Set on the vast expanse of a never-ending sea, Paul Lynch's new novel, Beyond the Sea, is a stirring tale of two South American fishermen and their struggle to survive in the face of catastrophe.

Irish author Lynch has mastered the art of capturing his characters' anguish, and there is an enigmatic lyricism to his storytelling.

Bolivar is a weather-worn fisherman with years of hard-won experience behind him. His leathered and wrinkled face, along with his toughened and calloused hands, are merely reflections of his gruff, hardened nature. The teenage Hector is yet to earn his sea legs. Despite Bolivar’s instant disdain for the inexperienced, scrawny youth, he convinces Hector to join him on his fishing vessel for a fair share of Bolivar's take-home pay. It's a sweet temptation for a young greenhorn.

Bolivar and Hector set forth to open water to cast their nets as other boats are returning to port in anticipation of foul weather. As the storm begins to rage, Hector freezes, but the experienced Bolivar is in no doubt this is one of the many tantrums the sea has thrown at him. It will be one of the many he has ridden out and conquered. Tomorrow he will laugh about how scared the youth was, tomorrow he will be is in Rosa’s bar laughing about the whole affair. This assumption made by the headstrong Bolivar, however, is entirely incorrect.

The storm engulfs the fishing vessel, destroys the fishermen’s motor and communication equipment and soon the pair are left afloat and abandoned on the Pacific Ocean. Starvation, sunburn, dehydration and madness are their lot. They are not the men they once were on the outside, or more significantly who they thought they were on the inside.
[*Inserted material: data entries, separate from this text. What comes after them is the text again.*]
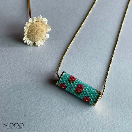 Flower Beaded Pendant in Turquoise
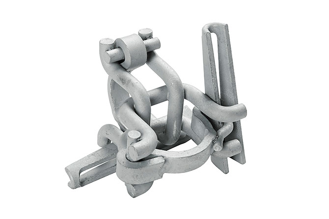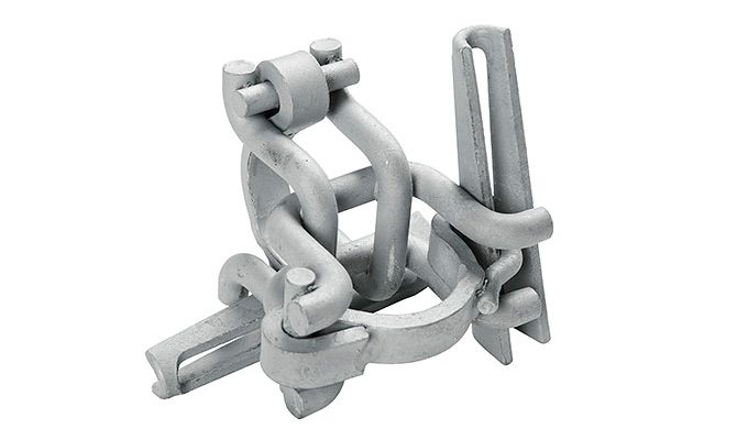 Dobbelkobling fast med kile for montering av midlertidig fallsikring på stolper og alurør. Passer også de fleste stillas fabrikat. Monteres enkelt uten verktøy.
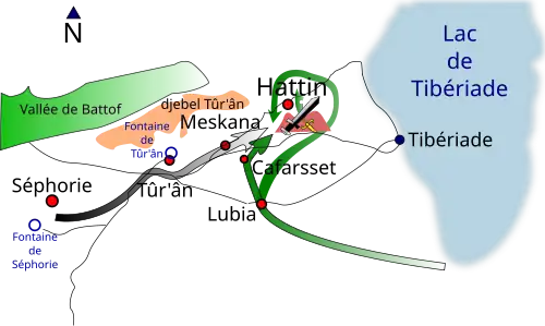 In late May, Saladin assembled the largest army he had ever commanded on the Golan Heights, around 40,000 men, including about 12,000 regular cavalry.[11][24][12] He inspected his forces at Tell-Ashtara before crossing the River Jordan on 30 June.[11] Saladin had unexpectedly gained the alliance of the Druze community based in Sarahmul led by Jamal ad-Din Hajji, whose father, Karama, was a longtime ally of Nur ad-Din Zangi.[25] The city of Sarahmul had been sacked by the Crusaders on various occasions and according to Jamal ad-Din Hajji the Crusaders had even manipulated the Assassins into killing his three elder brothers. Saladin's army was organised as a centre and two wings: Gökböri commanded the left of the army, Saladin himself commanded the centre and his nephew, Al-Muzaffar Umar (Taki ad-Din), the right.[26][27]
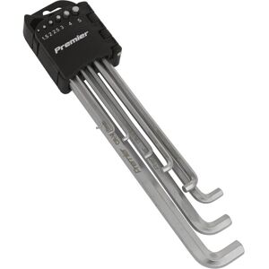Sealey Premier Extra-Long Stubby Element Hex Key Set 9pc Features: Manufactured from heat treated and hardened Chrome Vanadium steel with satin polished finish. Keys range in length from 90mm to 230mm and in size from 1.5mm to 10mm. Stubby offset hex elements allow access in confined spaces. Supplied in easy-access case for safe storage and quick key selection. Technical Details: • Manufactured from heat treated and hardened Chrome Vanadium steel with satin polished finish. • Keys range in length from 90 to 230mm. • Stubby offset hex elements allow access in confined spaces. • Sizes: 1.5-10mm. • Supplied in easy-access case for safe storage and quick key selection. • Lifetime guarantee*. • Model No. AK7174 • Model No. AK7174 Additional Information: • One of a comprehensive range of Premier Hand Tools, suitable for daily professional use. • Manufactured from heat treated and hardened Chrome Vanadium steel with satin polished finish. • Keys range in length from 90mm to 230mm. • Stubby
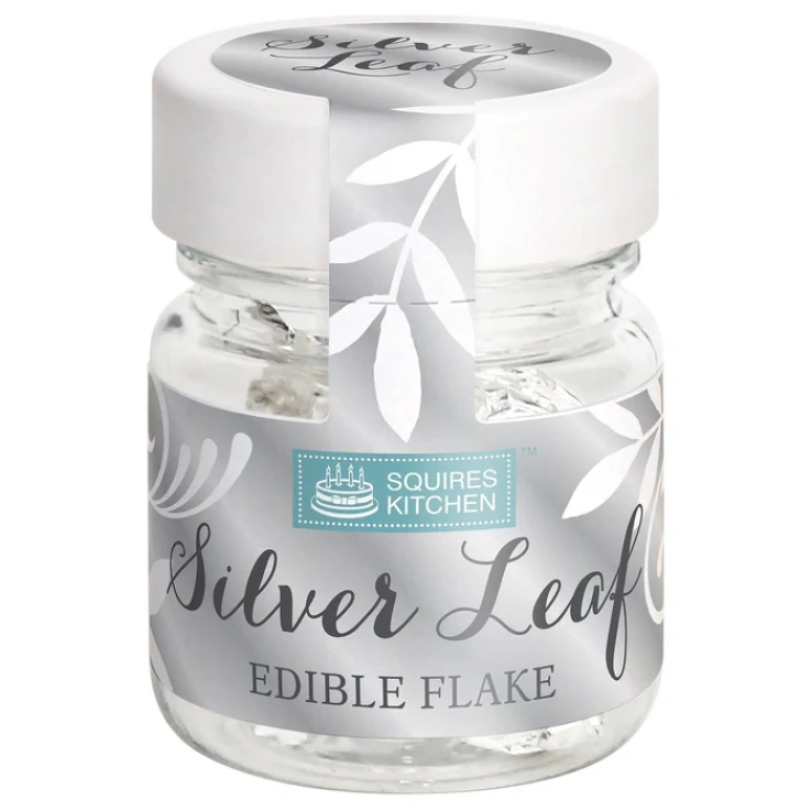 Bring a touch of luxury to all your special cakes, bakes and desserts in an instant with Squires Kitchen Pure Silver Leaf Flake. The pure silver leaf is completely edible and adds a decadent surface decoration to chocolates, cakes, gateaux and desserts. You can even add tiny flakes of silver leaf to champagne for a sophisticated drink that truly sparkles, or make a memorable breakfast by stirring it through homemade marmalade. You can also use it to gild apples, pears or oranges as table centerpieces, or even gild the turkey on Christmas day! Each pot of Silver Leaf Flake contains one leaf measuring 8cm square.
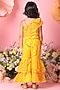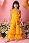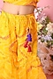 Featuring a yellow one-shoulder top for girls in georgette base with ruffles and print. It is paired with sharara pants. Style it with cute hair accessories and sandals for a festive occasion or haldi ceremony.

As the days roll into one another, Bolivar reflects on his sinfulness. Against the backdrop of a blazing red-hot sunset and ominous everlasting night, he holds court within himself. What type of man is he? Is this what he deserves? What could he have made of his past life? His past actions reverberate through him a thousand times over.

Lynch triumphed with Grace, his penultimate, Famine-themed novel and he does so again with Beyond the Sea. The story is fantastically written, a truly magnificent portrayal of the gritty battle between despair and hope. What choice is there but to give in to hope or despair? Are the pair fated to be damned or saved?

You’ll have to read the book to find out.